中東の銀行に対する標的型攻撃

Macro Init() subroutine news

更新 (2017 年 12 月 8 日): 現在、このキャンペーンは、少なくとも 2014 年から活動していると思われるイランのサイバー スパイ脅威グループであるAPT34によるものであると考えています。中東。

序章

2016 年 5 月の第 1 週、FireEye の DTI は、中東地域の複数の銀行に送信された、悪意のある添付ファイルを含む電子メールの波を特定しました。脅威アクターは、標的になりそうな人物に対して最初の偵察を行っているようであり、攻撃はクライムウェア キャンペーンでは一般的に見られない独自のスクリプトを使用していたため、私たちの注目を集めました。

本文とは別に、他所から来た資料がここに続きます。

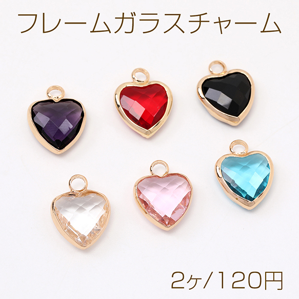 フレームガラスチャーム ハート型 1カン 10.5×11mm(2ヶ)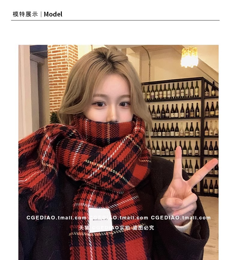 한국 스타일 스카프 여자 겨울 2024 신년 분위기 붉은 따뜻한 올매치 하이 엔드 격자 무늬 스카프 패션스토어 가기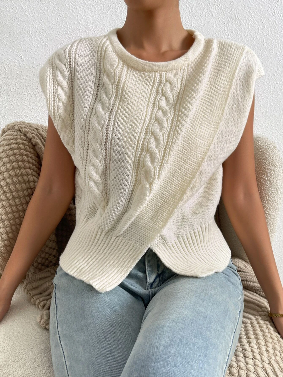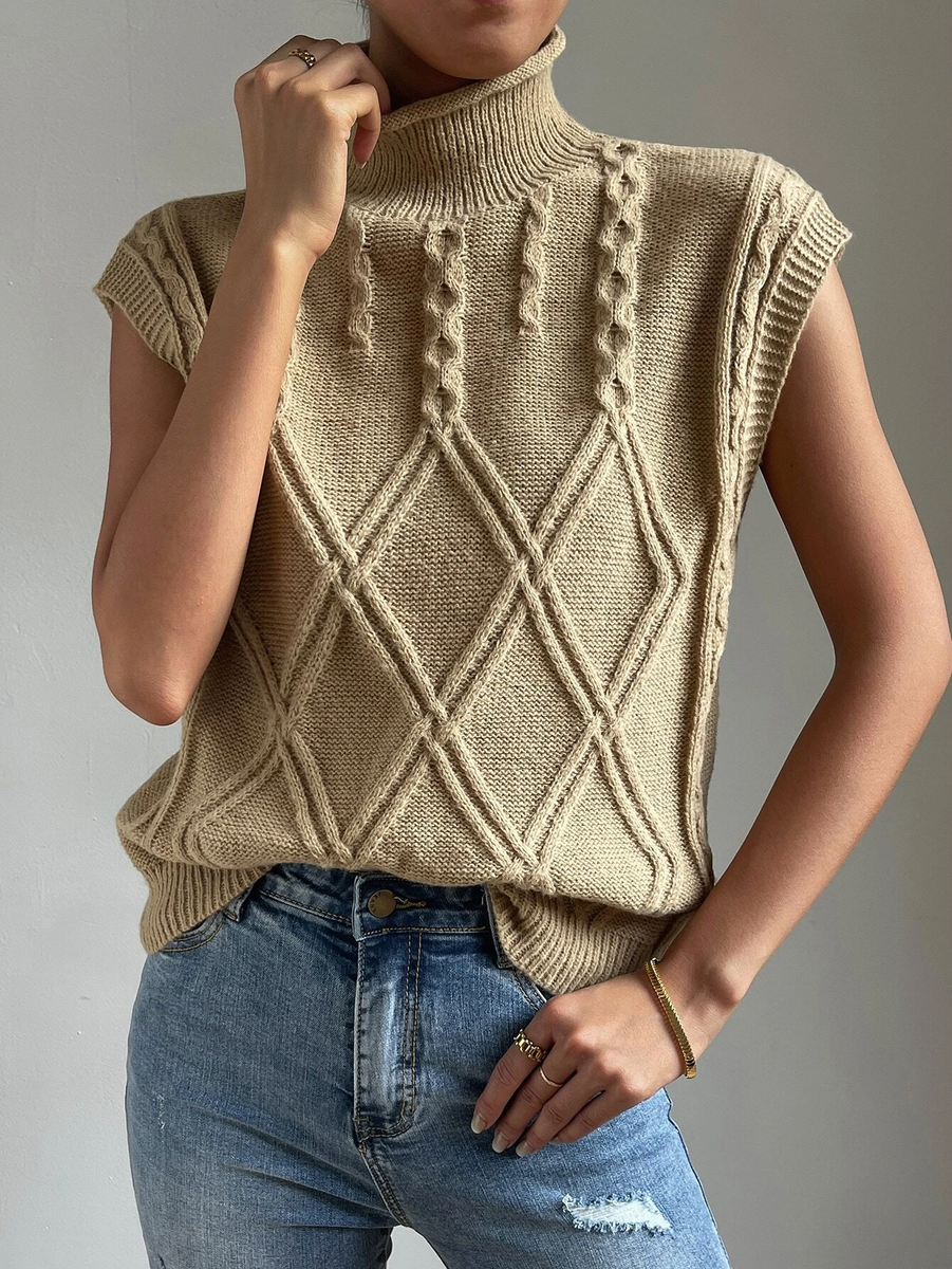 Вторая безрукавка связана узором из очень крупных двойных ромбов, которые в верхней части переходят в волнистые косы.

このブログでは、これらの標的型攻撃で使用されるツール、戦術、技術、手順 (TTP) について詳しく説明します。

配送方法

攻撃者は、マクロを有効にした XLS ファイルを含む複数の電子メールを、中東の銀行部門で働く従業員に送信しました。攻撃で使用されるメッセージのテーマは、サーバ ステータス レポートのログや Cisco Iron Port Appliance の詳細のリストなど、IT インフラストラクチャに関連しています。あるケースでは、電子メールの内容は、複数の銀行の従業員の連絡先の詳細を含む、複数の従業員間の正当な電子メールの会話のように見えました。その後、この電子メールは、悪意のある Excel ファイルが添付された状態で、複数の人に転送されました。

マクロの詳細

このマクロは、最初に Init() 関数 (図 1 を参照) を呼び出し、次の悪意のあるアクティビティを実行します。

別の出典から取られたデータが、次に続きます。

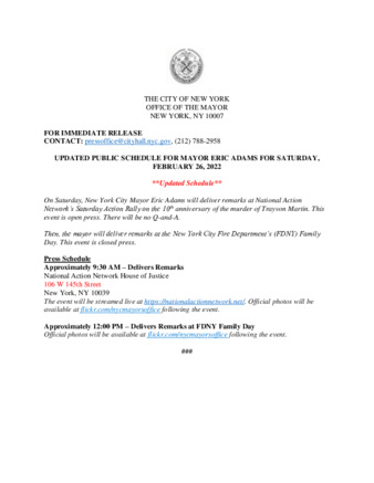 UPDATED PUBLIC SCHEDULE FOR MAYOR ERIC ADAMS FOR SATURDAY, FEBRUARY 26, 2022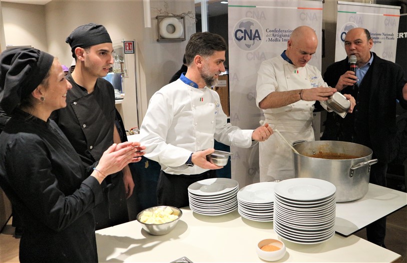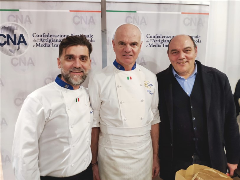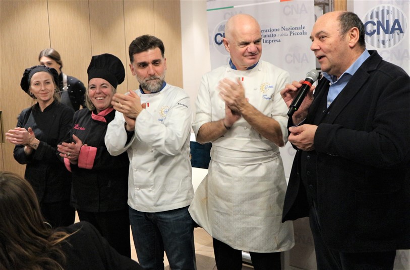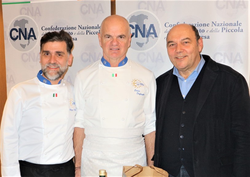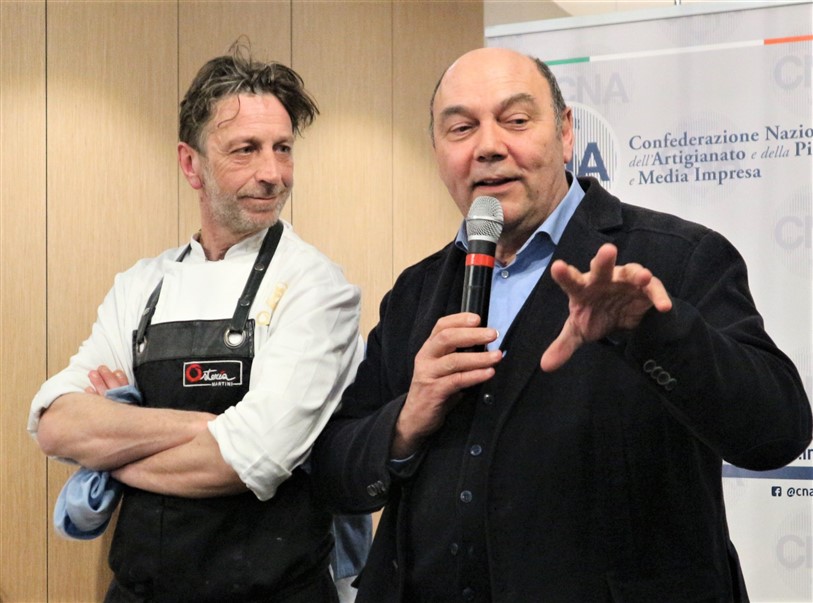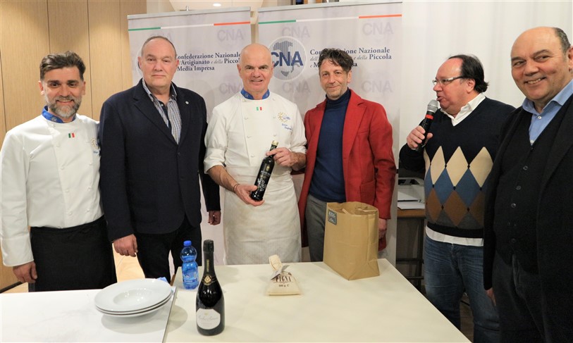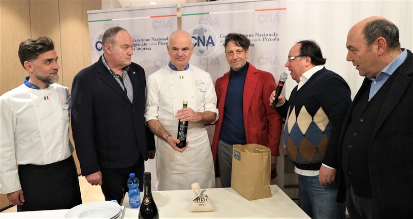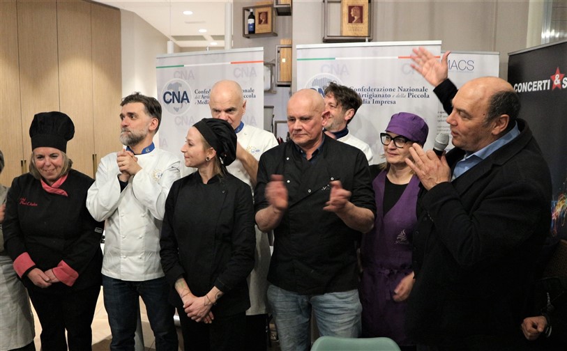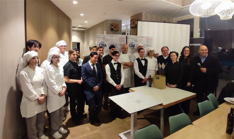 Una serata che ha visto la partecipazione di altri chef aderenti a Cna che tutti insieme hanno dato vita ad una cena di alta cucina e accompagnata da ottimi prodotti del territorio: i vini della Cantina Maffone, Sansteva e Poggio dei Gorleri, le olive denocciolate e l’olio Musicale del Frantoio Santagata d’Oneglia, i fiori eduli dell’azienda Ravera Bio.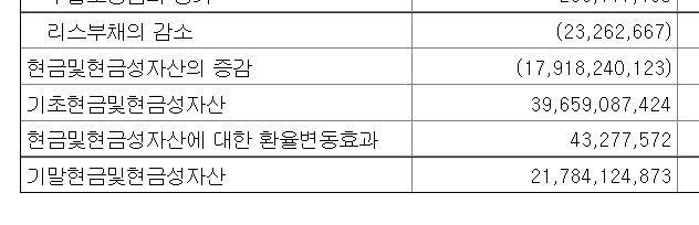 /재무활동의 경우에는 단기차입금의 상환으로 빠져나감 것으로 보인다.

  1. 「互換性がありません」というタイトルのワークシート内のセルから、base64 でエンコードされたコンテンツを抽出します。
  2. パス %PUBLIC%Libraries update.vbs にファイルが存在するかどうかを確認します。ファイルが存在しない場合、マクロは %PUBLIC%Libraries の下に 3 つの異なるディレクトリ (up、dn、および tp) を作成します。
  3. ステップ 1 で抽出されたコンテンツは、PowerShell を使用してデコードされ、2 つの異なるファイル %PUBLIC%Librariesupdate.vbs と %PUBLIC%Librariesdns.ps1 にドロップされます。
  4. 次に、マクロは、3 分ごとに update.vbs を実行する GoogleUpdateTaskMachineUI という名前のスケジュールされたタスクを作成します。

注: マクロ コードでハードコードされた環境変数 %PUBLIC% を使用しているため、マクロは Windows Vista 以降のバージョンのオペレーティング システムでのみ正常に実行されます。

Macro Init() subroutine
図 1: Macro Init() サブルーチン

コンテンツの実行時の再表示

この攻撃で観察された興味深い手法の 1 つは、マクロが正常に実行された後に追加のコンテンツを表示することでした。これは、ソーシャル エンジニアリングの目的で行われました。具体的には、マクロを有効にすると実際に追加のスプレッドシート データが「再表示」されたことを被害者に納得させるためです。

悪意のあるマクロを含む Office ドキュメントは、一般的にクライムウェア キャンペーンで使用されます。 Office の既定の設定では通常、マクロを実行するためにユーザーの操作が必要になるため、攻撃者は被害者に、「保護されたコンテンツ」を表示するにはマクロが必要であると伝えて、危険なマクロ コードを有効にするよう誘導する可能性があります。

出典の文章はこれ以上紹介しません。